> [Exercise]: Can the lines below, from the one that holds "배당금 : 830원 (지난" to the very end, be echoed exactly, with both ends included and no pictures?

> [Raw data]:
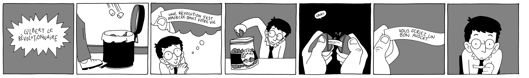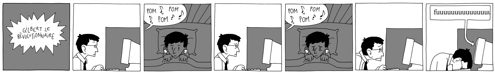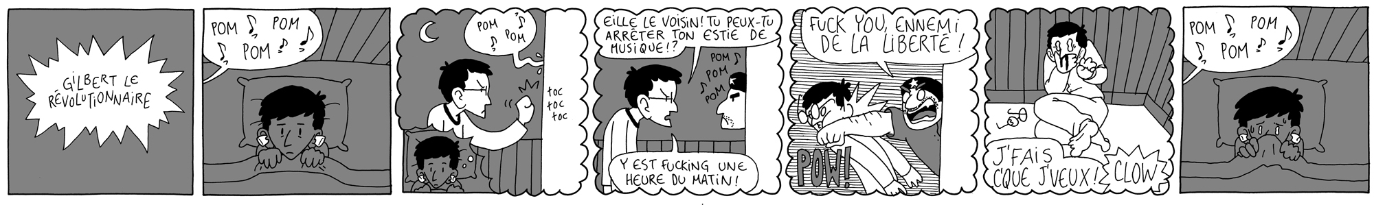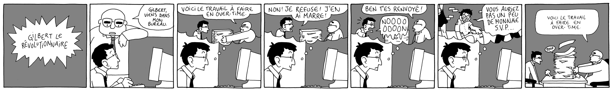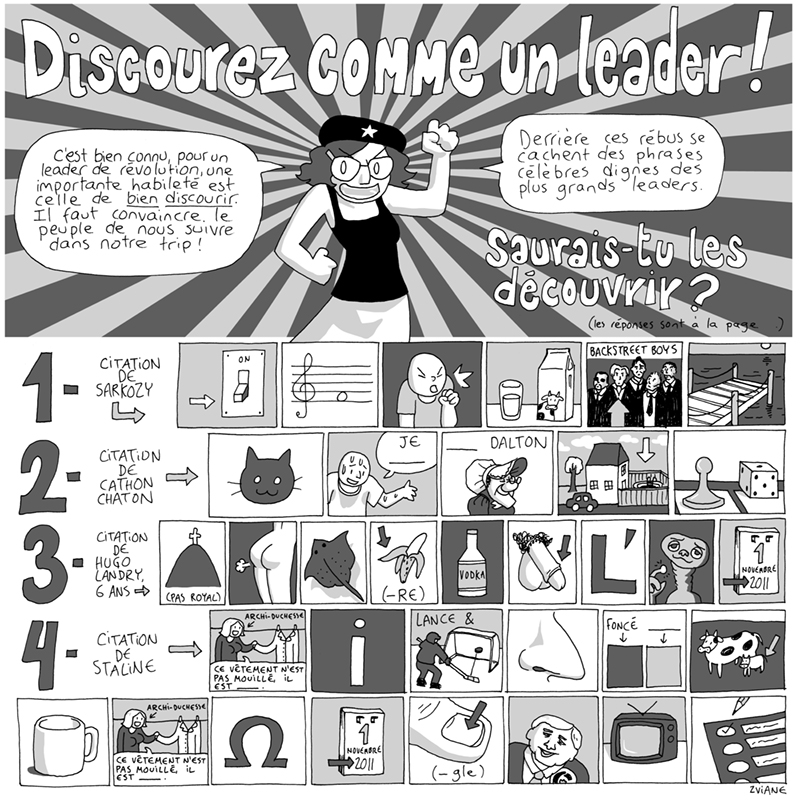 On a organisé les 48h de la BD à notre atelier. C'était pas comme les 24h, parce qu'on pouvait dormir - et c'était plus collaboratif. Et c'était destiné à être imprimé sous forme de journal gratuit. J'ai fait deux contributions:une série de strips et des rébus. Il me semble que le thème c'était quelque chose du genre "la révolution".
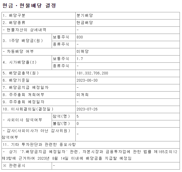 배당금 : 830원 (지난 '23년 1분기에도 주가 대비 1.7%인 830원 배당)
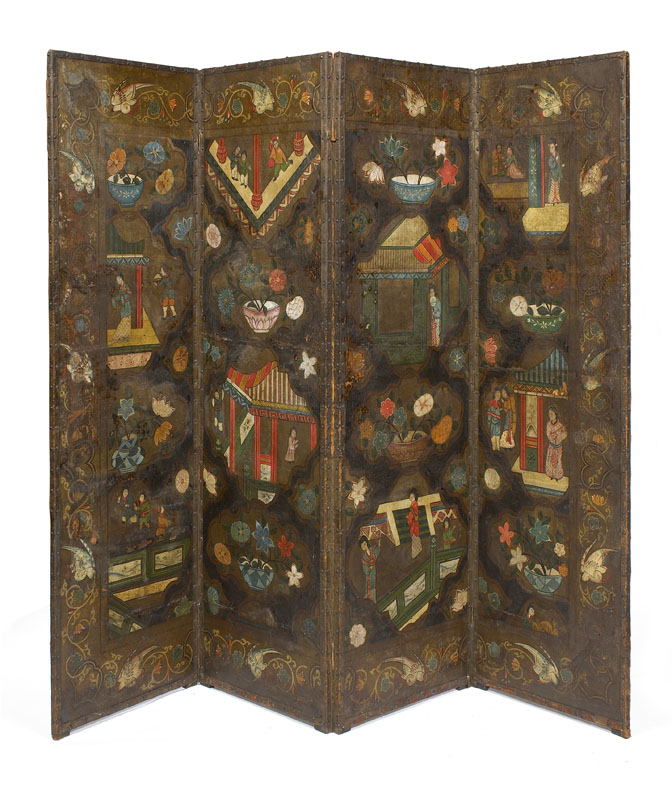 A 19th century Indian floral painted tan leather four fold screen

> [Response]:
 배당금 : 830원 (지난 '23년 1분기에도 주가 대비 1.7%인 830원 배당)
 A 19th century Indian floral painted tan leather four fold screen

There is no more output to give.